The mutation profile of XBB in the RS state is presented in Fig. 5. The XBB recombinant lineage exhibited a total of 90 mutations, including 78 single nucleotide polymorphisms (SNPs), comprising 52 transitions and 26 transversions, 5 substitutions, and 7 deletions (Fig. 5A and B; Table S3). Of these mutations, (1) was located in the 5'-UTR, (31) in the ORF1ab, (40) in the S gene, (3) in ORF3a, (2) in the E gene, (3) in the M gene, (2) in ORF6, (1) in ORF7b, (1) in ORF8, (4) in the N gene, (1) in the intergenic UTR, and (1) in the 3'-UTR (Fig. 4 and Table S3). Among the observed SNPs, 77.2% (61) were non-synonymous mutations, particularly those occurring in the S gene.

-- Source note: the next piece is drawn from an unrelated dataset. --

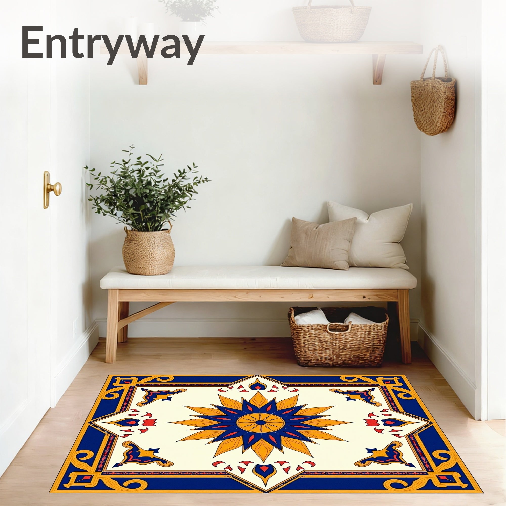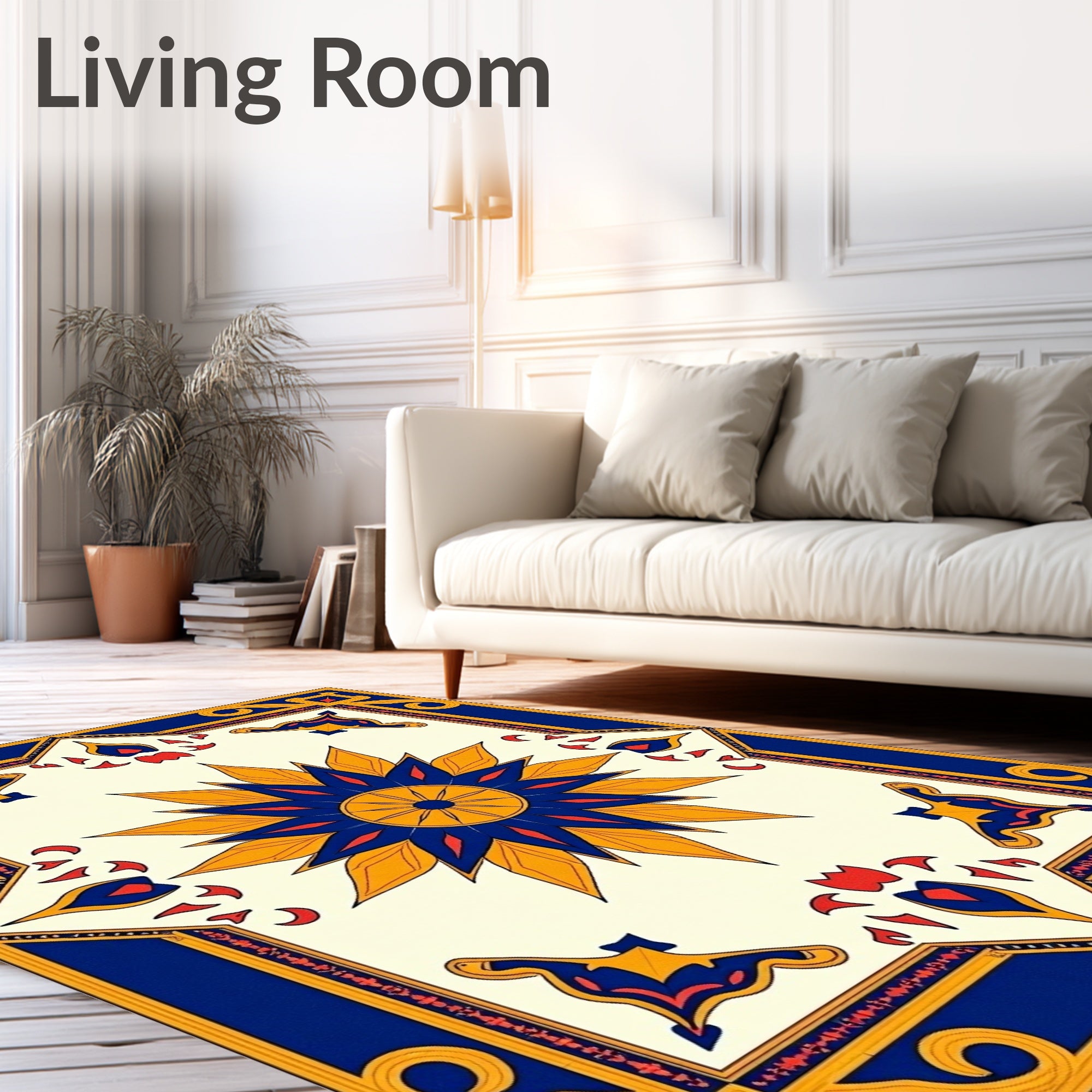 Ultra Soft Area Rug, Non Slip, Stain Resistant, Washable Area Rugs for Living Room, Bedroom, Sunburst Medallion Mosaic with Art Flourish Accents(Yellow) Overview:
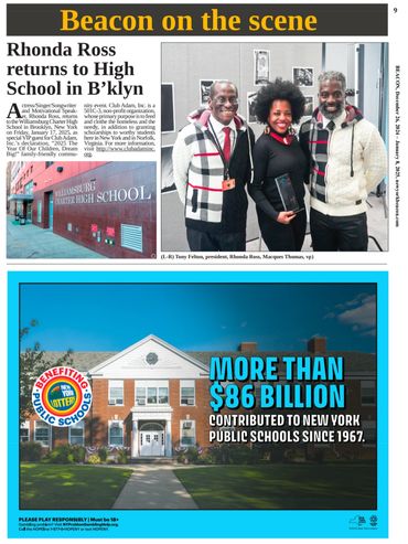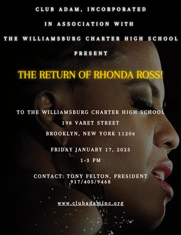 AS A PART OF OUR 2024 DECLARATION, THE YEAR OF OUR CHILDREN!, CLUB ADAM, INCORPORATED IS HONORED TO ANNOUNCE THE RHONDA ROSS EVENT AT THE WILLAIMSBURG CHARTER HIGH SCHOOL. RHONDA ROSS IS THE DAUGHTER OF LEGENDARY MEGA STAR, DIANA ROSS, AND THE FOUNDER OF MOTOWN RECORDS, BERRY GORDY, JR.

This accumulation of mutations in the XBB variant's S gene, particularly within the Receptor Binding Domain (RBD), endows it with the ability to evade antibodies acquired through vaccination and previous infections (Fig. 5B).
BA.2.10.1 and BA.2.75 represent the parental lineages of XBB. To assess the distinctive mutations among these lineages, we employed a Venn diagram (Fig. 6). XBB displayed 12 unique mutations that are absent in its parent lineages. Among these mutations, ten were identified in the S gene, comprising nine non-synonymous mutations and one deletion (V83A, del144/144, H146Q, Q183E, V213E, R346T, L368I, V445P, F486P, F490S). Additionally, there was one mutation in the ORF1ab (K47R) and one in the ORF8 (G8*). XBB circulation in RS did not exhibit the characteristic mutations associated with these lineages, namely G959P (ORF1b), E180V (S gene), K478R (S gene), F486S (S gene), R493Q (S gene), Q613H (S gene), and S84L (ORF8) (Table S4).